Required work: Your reply should be the whole listing, copied exactly, with the pictures left out.

Material provided:
——————————
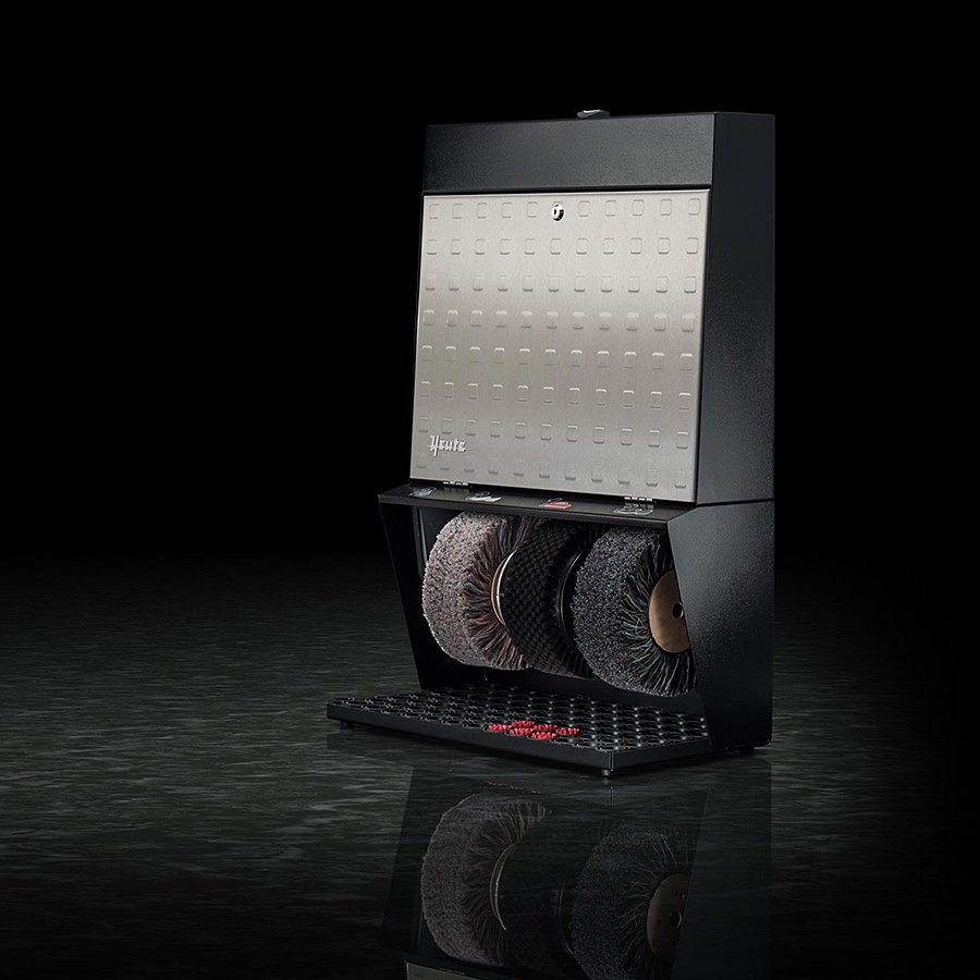 Černo-stříbrný (tlačená ocel) čistič obuvi Polifix 3 je určen především pro hotely, penziony a obchodní centra. Jedná se o čistič robustní ocelové konstrukce se třemi kartáči a nádržkou na polituru. Štíhlá konstrukce společně se zajímavými barevnými kombinacemi dává tomuto čističi obuvi neotřelý vzhled, který jej předurčuje všude tam, kde hledáte nenápadný, ale zajímavý vzhled spojený s vysokou účinností čističe na boty. Čistič na boty Polifix 3 je vybaven ručním senzorem s časovačem umístněným na vrchní části čističe.
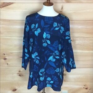 Beautiful blue tunic with shades of blue in a hydrangea/floral print
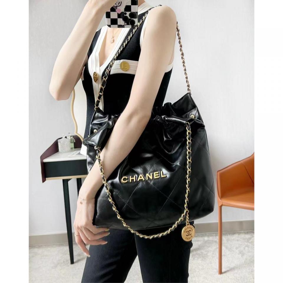 2022春夏新品 超級火爆款 22bag字母單肩購物袋 黑色金扣(小號)
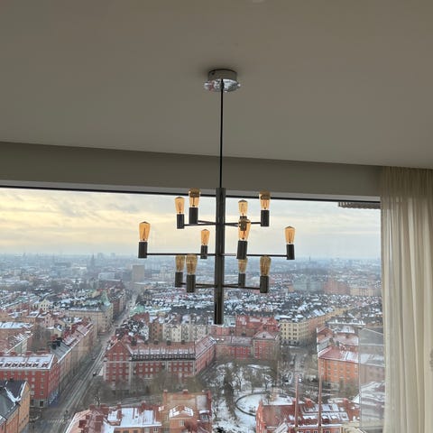 Manola är en elegant ljuskrona med sina 20 armar. Lampan skapar en magnifik atmosfär när den hänger i en hall eller över matbordet. Ljuskällor ingår INTE. Sockel E14. 2400 Kelvin & 170 Lumen. Energiklass för medföljande ljuskälla E. 2,5 watt. IP20. Höjd 67cm och diameter 70cm. Montering tak, ej krok
——————————
Task answer:
 Černo-stříbrný (tlačená ocel) čistič obuvi Polifix 3 je určen především pro hotely, penziony a obchodní centra. Jedná se o čistič robustní ocelové konstrukce se třemi kartáči a nádržkou na polituru. Štíhlá konstrukce společně se zajímavými barevnými kombinacemi dává tomuto čističi obuvi neotřelý vzhled, který jej předurčuje všude tam, kde hledáte nenápadný, ale zajímavý vzhled spojený s vysokou účinností čističe na boty. Čistič na boty Polifix 3 je vybaven ručním senzorem s časovačem umístněným na vrchní části čističe.
 Beautiful blue tunic with shades of blue in a hydrangea/floral print
 2022春夏新品 超級火爆款 22bag字母單肩購物袋 黑色金扣(小號)
 Manola är en elegant ljuskrona med sina 20 armar. Lampan skapar en magnifik atmosfär när den hänger i en hall eller över matbordet. Ljuskällor ingår INTE. Sockel E14. 2400 Kelvin & 170 Lumen. Energiklass för medföljande ljuskälla E. 2,5 watt. IP20. Höjd 67cm och diameter 70cm. Montering tak, ej krok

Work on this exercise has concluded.